Problem statement | Every line of the data should be written out exactly, with the pictures left out.

Available data |

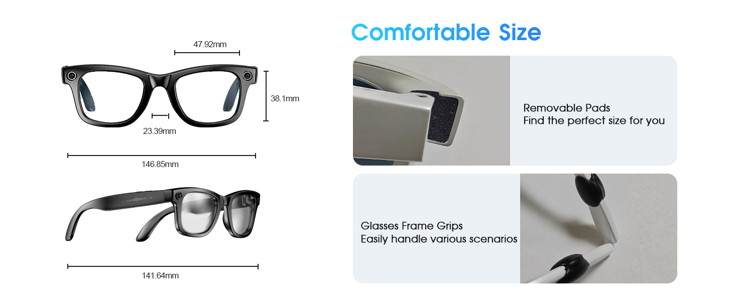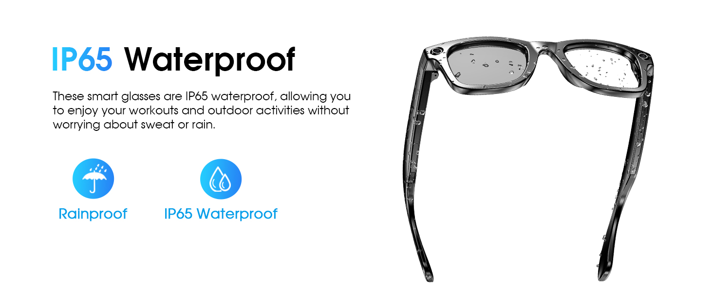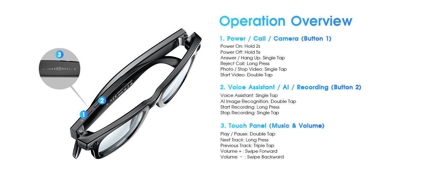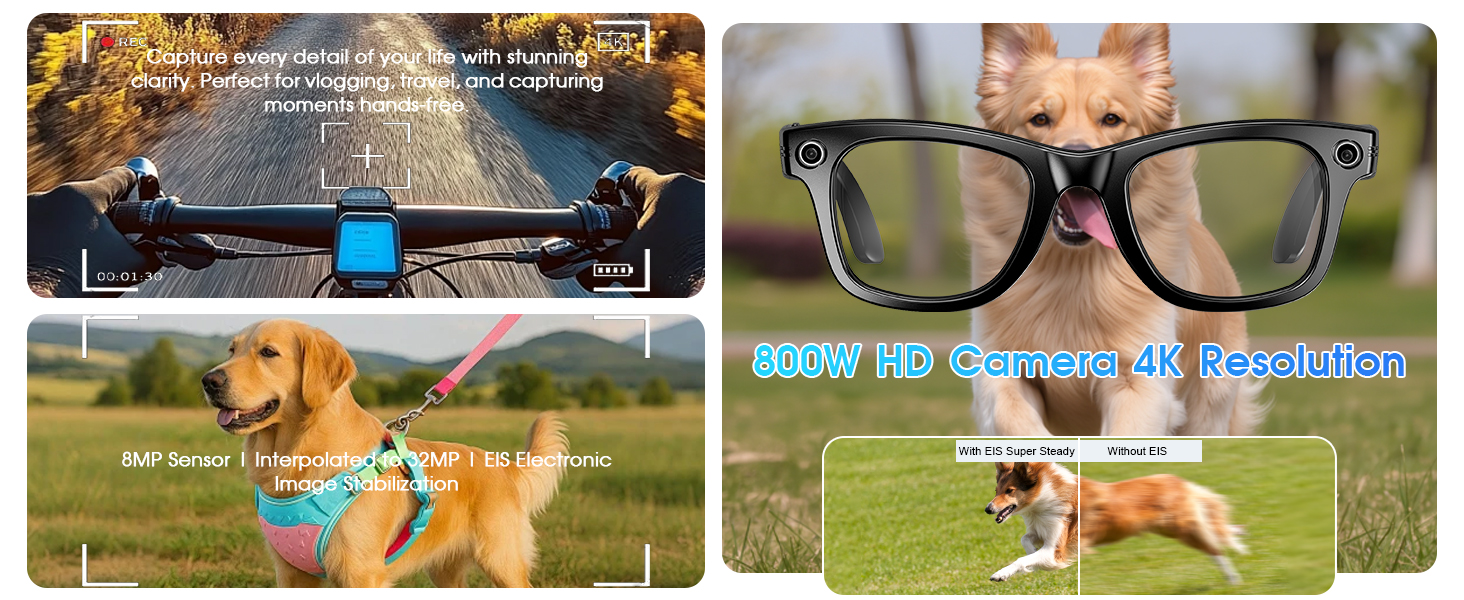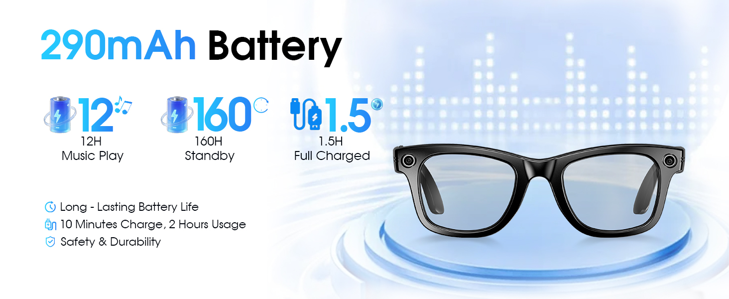 - [Long Battery Life & Smart Touch Control] Equipped with a 290mAh battery, these video recording glasses deliver 4 hours of music playback, 2 hours of call time, and support 60-minute fast charging for all-day outdoor use. The camera glasses can capture photos, record videos, and audio through side button controls. Featuring Bluetooth connectivity, these smart glasses with camera also enable volume adjustment via swipe gestures along the temple arms.
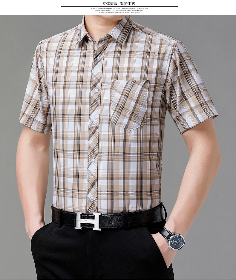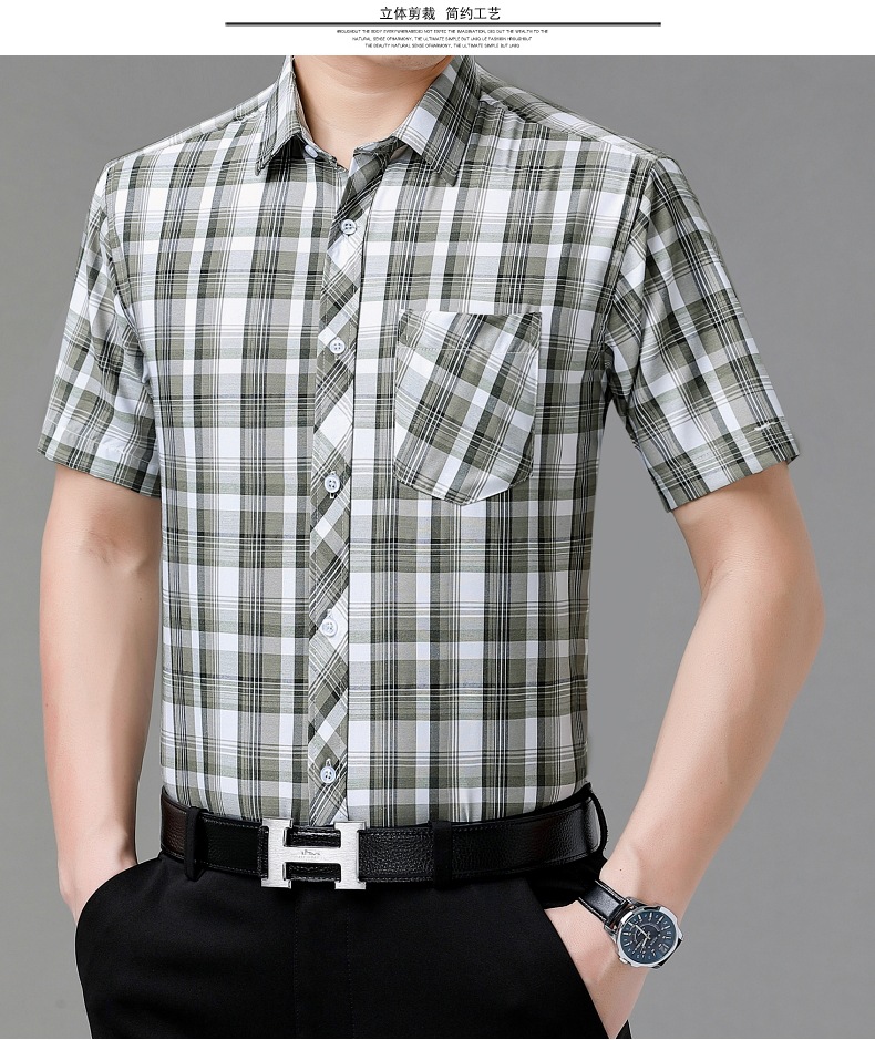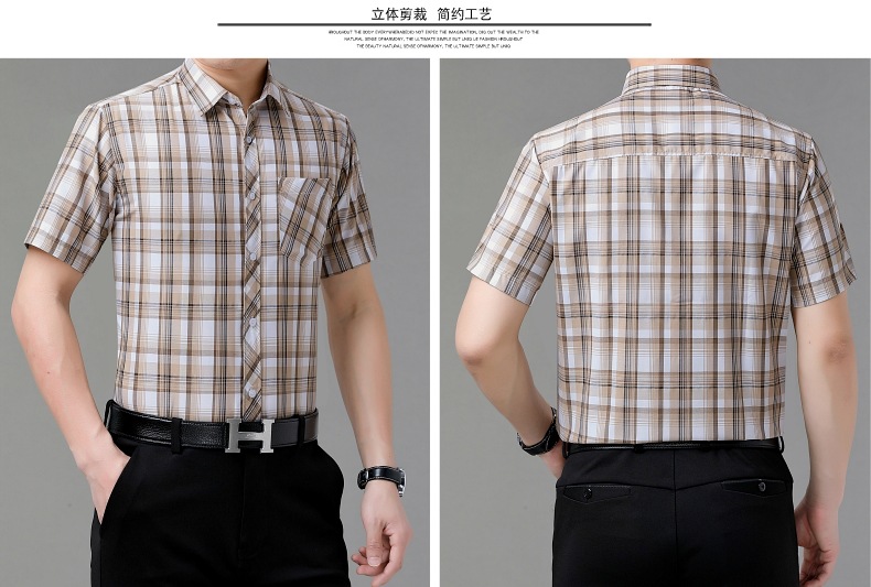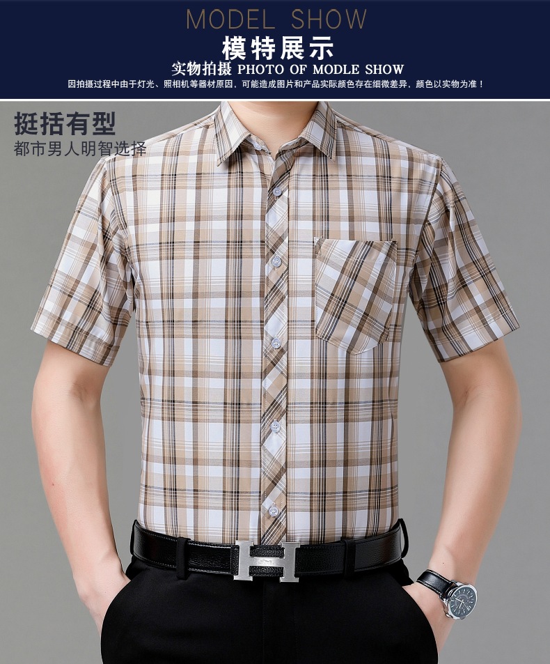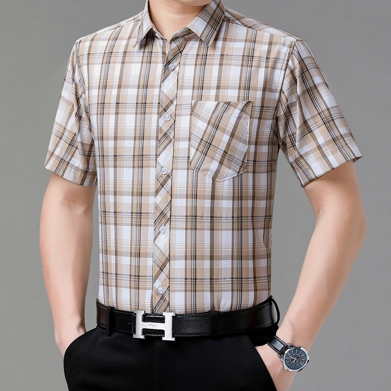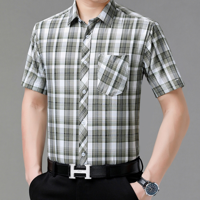 가벼운 고급 고급 뽕나무 실크 비 다림질 여름 남성 주름 방지 클래식 격자 무늬 셔츠 비즈니스 캐주얼 중년 및 노인 셔츠스토어 가기
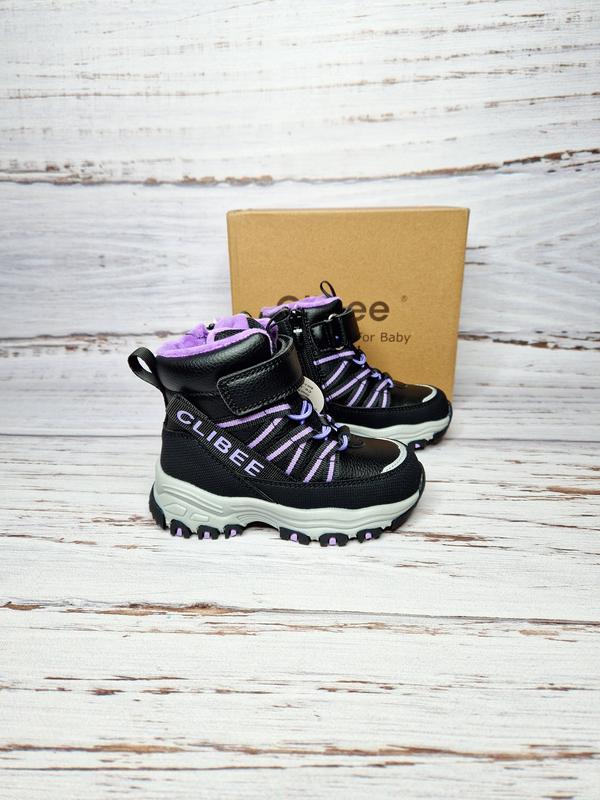 Зимові черевики фірми Clibee Сезон: зима Колір: чорний Матеріал внутрішній: густе змішане хутро 60% вовна/овчина Матеріал зовнішній: якісна щільна екошкіра Стильні та неймовірно яскраві черевики, м'які, гнучкі. Дуже стильно виглядають на ніжці За об `єму регулюються шнурками та липучкою, для зручності збоку присутня блискавка, носик практично захищений від збивання Розміри з 26 по 31 по устілці повністю: 26р. по устілці 16,8 см 27р. по устілці 17,5 см продані 28р. по устілці 18,0 см 29р. по устілці 18,8 см ПРОДАНІ 30р. по устілці 19,5 см продані 31р. по устілці 20,0 см продані

Answer for the task |
 - [Long Battery Life & Smart Touch Control] Equipped with a 290mAh battery, these video recording glasses deliver 4 hours of music playback, 2 hours of call time, and support 60-minute fast charging for all-day outdoor use. The camera glasses can capture photos, record videos, and audio through side button controls. Featuring Bluetooth connectivity, these smart glasses with camera also enable volume adjustment via swipe gestures along the temple arms.
 가벼운 고급 고급 뽕나무 실크 비 다림질 여름 남성 주름 방지 클래식 격자 무늬 셔츠 비즈니스 캐주얼 중년 및 노인 셔츠스토어 가기
 Зимові черевики фірми Clibee Сезон: зима Колір: чорний Матеріал внутрішній: густе змішане хутро 60% вовна/овчина Матеріал зовнішній: якісна щільна екошкіра Стильні та неймовірно яскраві черевики, м'які, гнучкі. Дуже стильно виглядають на ніжці За об `єму регулюються шнурками та липучкою, для зручності збоку присутня блискавка, носик практично захищений від збивання Розміри з 26 по 31 по устілці повністю: 26р. по устілці 16,8 см 27р. по устілці 17,5 см продані 28р. по устілці 18,0 см 29р. по устілці 18,8 см ПРОДАНІ 30р. по устілці 19,5 см продані 31р. по устілці 20,0 см продані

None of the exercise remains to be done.